Hayes, upon becoming president, directed the Treasury Department to notify Cornell that he must resign from the state and national Republican committees as a condition of remaining naval officer. Regarding this as an invasion of his civil and political rights, Cornell declined to obey the mandate, whereupon a successor was nominated, but was rejected by the Senate. After the adjournment of the Senate in July 1878, Hayes suspended both the collector (Chester A. Arthur) and the naval officer, and their successors were finally confirmed. At the subsequent elections, Cornell was chosen Governor of New York and Arthur became Vice President of the United States.

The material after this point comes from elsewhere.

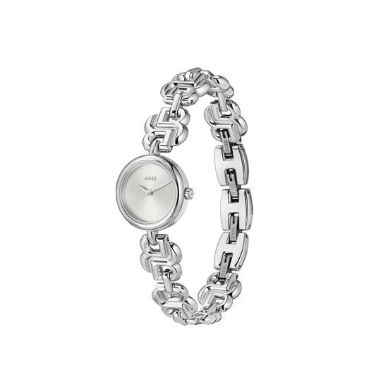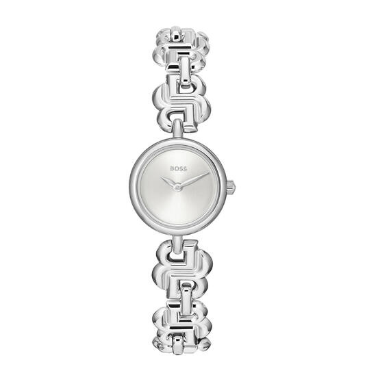 Ontdek de pure elegantie van de Hugo Boss Double B Dressy dameshorloge, nu exclusief verkrijgbaar bij Jewelz. Dit volledig zilverkleurige horloge is de perfecte keuze voor de vrouw die houdt van een subtiele, maar verfijnde uitstraling.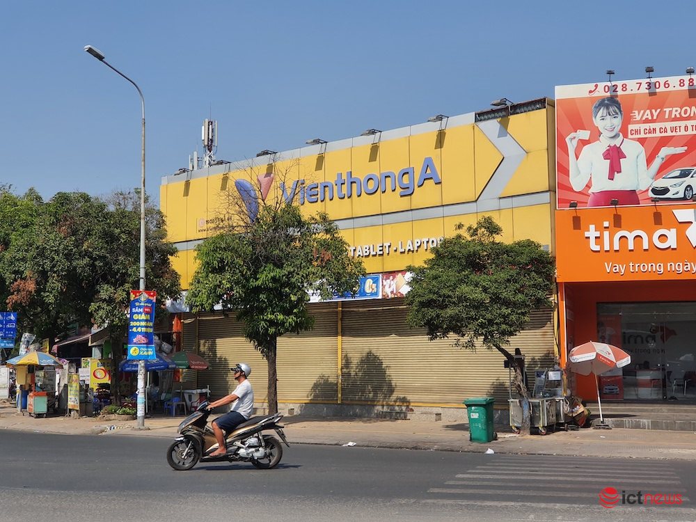 Ở góc đường Âu Cơ - Luỹ Bán Bích (Tân Phú), cửa hàng Viễn Thông A vốn thuộc hạng sang trọng trong khu vực nay cũng kéo cửa, không buôn bán. Hầu hết những siêu thị Viễn Thông A đều có vị trí dễ nhận diện ở các đường lớn ở khu sầm uất.

Cornell was governor from 1880 to 1882, elected in 1879. His administration was noted for economy in public expenditures, and his vetoes of appropriation bills were beyond all precedent. Upon his recommendation, a state board of health and the state railroad commission were created, women were made eligible for school officers, a reformatory for women established, and the usury laws were modified.
The resignation of the New York senators from the U. S. Senate in 1881 provoked a bitter contest for the succession, by which the Republican Party was divided into hostile factions, the Stalwarts and the Half Breeds. Cornell's opponents prevented his re-nomination for governor.
During his latter years, Cornell lived in New York City, where he had a mansion built in the 1870s at 616 Fifth Avenue on the west side of the avenue between 49th and 50th Streets,[3] and wrote a biography of his father in 1884.[4]
On November 9, 1852, Cornell married Ellen Augusta Covert (1834–1893). She was the daughter of George P. Covert, a lifelong friend of his father, and Esther Elizabeth (née Bassett) Covert. Together, they were the parents of:[4]
After the death of his first wife in 1893, he remarried on June 8, 1894, to her younger sister, Esther Elizabeth Covert (1839–1923), a native of Auburn, New York.
After suffering a stroke of apoplexy followed by Bright's disease in August 1904,[11] Cornell died on October 15, 1904, in Ithaca, aged 72.[12] He was interred with his father and mother in Sage Chapel on the Cornell University campus.[13]
Cornell's papers are held in Cornell University Library's Division of Rare and Manuscript Collections.[14]